The Latest Technology

Real estate Web sites have changed significantly in the last 10 years, and new technology is sure to continue to change the way property listings are presented on the Internet. Virtual tours and video slide shows, for example, have already led to the use of videos, complete with written scripts and background music, to showcase and describe listings.

Until about five years ago, most Web sites were little more than billboards for advertising the virtues of different agents and brokers, but they have evolved into sites designed to help buyers search for a new home, said Mark Lesswing, the chief technology officer for the National Association of Realtors.

At first, the focus was mainly on putting as many listings as possible on a Web site, he said. But now agencies are shifting gears and trying to provide additional tools that will help buyers analyze the information provided by the listings. That means including maps that can help a buyer figure out which neighborhood schools provide special-education services or showing house values and average taxes paid in an area.

“The trend is to provide information that helps consumers get a real sense of the neighborhood,” Mr. Lesswing said.

Next on the technological horizon is electronic transaction management, a service that allows brokers and buyers to track and complete a sale electronically, from the moment a contract is signed until the deal’s closing. A broker essentially creates a Web site where all the parties involved in a sale — from the appraiser and surveyor to the termite inspector and lawyers for every party — can file their reports. So instead of having to send legal documents back and forth, buyers and sellers can scan their information and post it on the Web site.

The posted documents include the purchase agreement, disclosure forms, appraisals and inspection reports. Companies that provide the transaction service use a variety of security measures to make sure the information remains confidential.

Buyers and sellers would still have to schedule a closing to sign all the documents, but that could happen just a few days after an offer was accepted, not weeks later.

Mr.

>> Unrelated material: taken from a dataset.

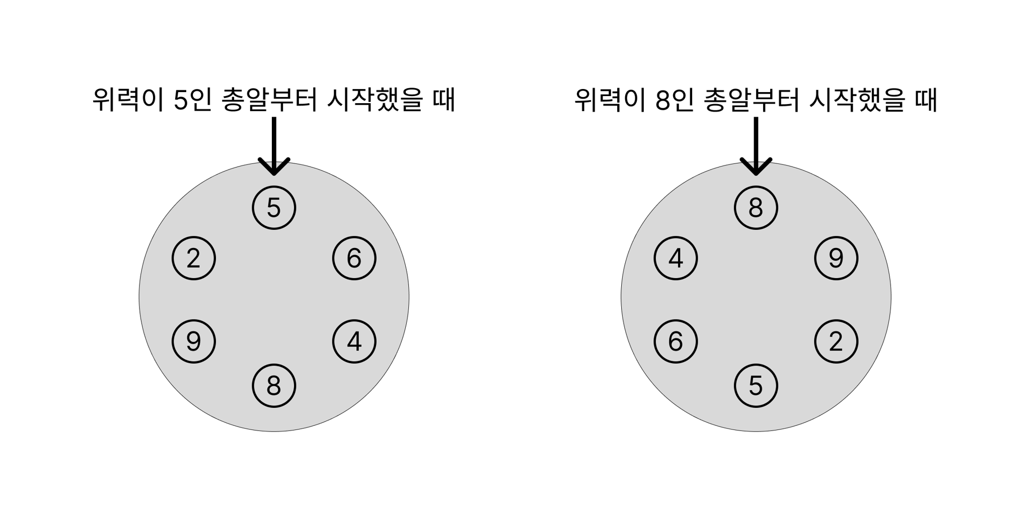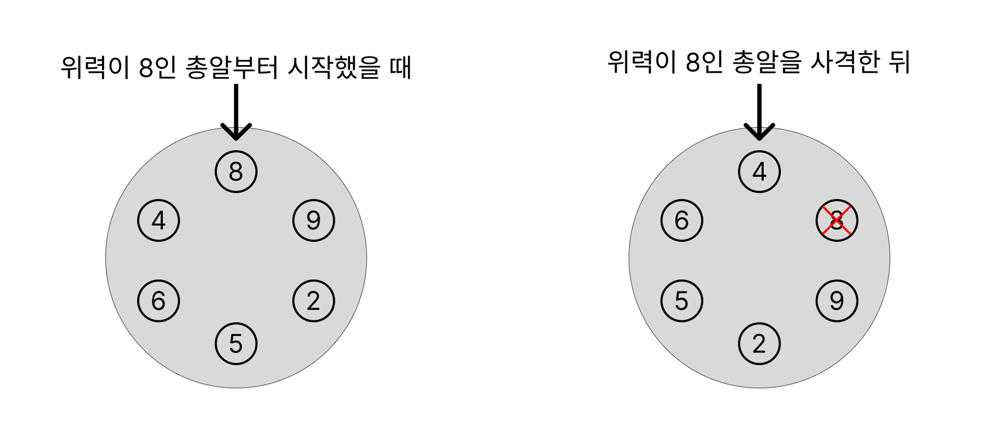 총알은 입력된 순서대로 반시계방향을 이루고 있다.

Lesswing said only a few hundred out of more than 20,000 real estate agencies across the country now use an electronic transaction system. “It’s really a consumer convenience, but there’s still huge reluctance on the part of consumers to putting their personal information online,” he said.

“But the reluctance is very generational,” he added. “The younger generation of people who were raised on computers would use it in an instant, and a lot of them are just about getting old enough to become home buyers.”